Pero cuando le hice en una ocasión la pregunta de por qué no había gritado al mundo entero la gran verdad descubierta por el canónigo de Frauenburg, y la había reservado únicamente para unos pocos discípulos como yo, Michael Maestlin, el Orfeo de la astronomía me respondió, con una risa que quería imitar la de Copérnico y que habría podido ser la de Dioniso…

EPÍLOGO

Linz, 6 de febrero de 1628

«… la de Dioniso…».

L
a frase estaba inconclusa. El viejo Johannes dio la vuelta al pesado bastón hueco, y dio unos golpecitos con su mano manchada para intentar hacer salir alguna página extraviada o pegada en el interior. Nada. Sondeó aquel hueco estrecho con un alambre de hierro, con el que rascó las paredes de madera de olivo. Sin resultado. El bastón de Euclides estaba vacío. Johannes acababa de encontrar aquel objeto precioso en el fondo de un cofre en el que había pasado muchos años olvidado.

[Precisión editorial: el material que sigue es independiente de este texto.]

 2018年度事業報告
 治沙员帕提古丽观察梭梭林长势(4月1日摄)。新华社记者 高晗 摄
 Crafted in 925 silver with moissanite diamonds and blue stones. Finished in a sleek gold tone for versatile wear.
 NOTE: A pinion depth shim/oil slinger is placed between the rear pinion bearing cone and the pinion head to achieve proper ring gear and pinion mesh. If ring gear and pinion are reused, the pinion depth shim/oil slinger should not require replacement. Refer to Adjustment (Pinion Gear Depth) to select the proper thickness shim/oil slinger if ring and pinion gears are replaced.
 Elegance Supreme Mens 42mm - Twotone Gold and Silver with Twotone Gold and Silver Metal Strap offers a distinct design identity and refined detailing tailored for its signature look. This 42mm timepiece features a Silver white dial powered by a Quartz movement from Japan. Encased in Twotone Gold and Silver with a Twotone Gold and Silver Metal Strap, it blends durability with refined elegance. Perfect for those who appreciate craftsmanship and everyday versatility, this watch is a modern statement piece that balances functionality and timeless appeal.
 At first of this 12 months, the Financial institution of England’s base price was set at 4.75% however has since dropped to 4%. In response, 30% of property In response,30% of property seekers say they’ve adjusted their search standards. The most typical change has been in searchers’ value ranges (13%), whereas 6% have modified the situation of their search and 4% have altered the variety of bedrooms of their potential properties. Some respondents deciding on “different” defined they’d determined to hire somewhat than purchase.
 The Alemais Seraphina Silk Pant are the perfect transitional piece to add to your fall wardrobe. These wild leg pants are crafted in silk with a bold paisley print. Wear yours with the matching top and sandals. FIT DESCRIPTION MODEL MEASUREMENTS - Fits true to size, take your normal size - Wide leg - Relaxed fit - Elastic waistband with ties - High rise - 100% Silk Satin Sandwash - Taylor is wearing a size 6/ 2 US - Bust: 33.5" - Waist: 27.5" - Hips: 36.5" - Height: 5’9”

¿Qué había hecho con aquellos últimos folios, recibidos hacía ya treinta años? ¿Algún niño se había apoderado de ellos para cubrirlos de garabatos? ¿O él mismo, Johannes, los había perdido en su huida de este o aquel refugio delante de sus perseguidores, embutiendo a toda prisa las cartas en el bastón para preservarlas del auto de fe?

La historia de aquel bastón, el bastón de Euclides —Johannes lo recordaba ahora con cierto regocijo—, se la había contado su antiguo maestro Michael Maestlin. Le dijo que había estado en su posesión, pero que había tenido que separarse de él muy pronto, cuando, de paso por Augsburgo y con la bolsa vacía por haberse arruinado con la compra de un excelente astrolabio, se había tropezado con Tycho Brahe, que iba a buscar en la misma tienda el inmenso globo celeste que se había hecho fabricar. Habían hablado de Copérnico, Maestlin le había enseñado el bastón al danés, y éste se lo compró a precio de oro. ¡Bien podía permitírselo aquel aristócrata a quien todo le había sido dado desde su nacimiento!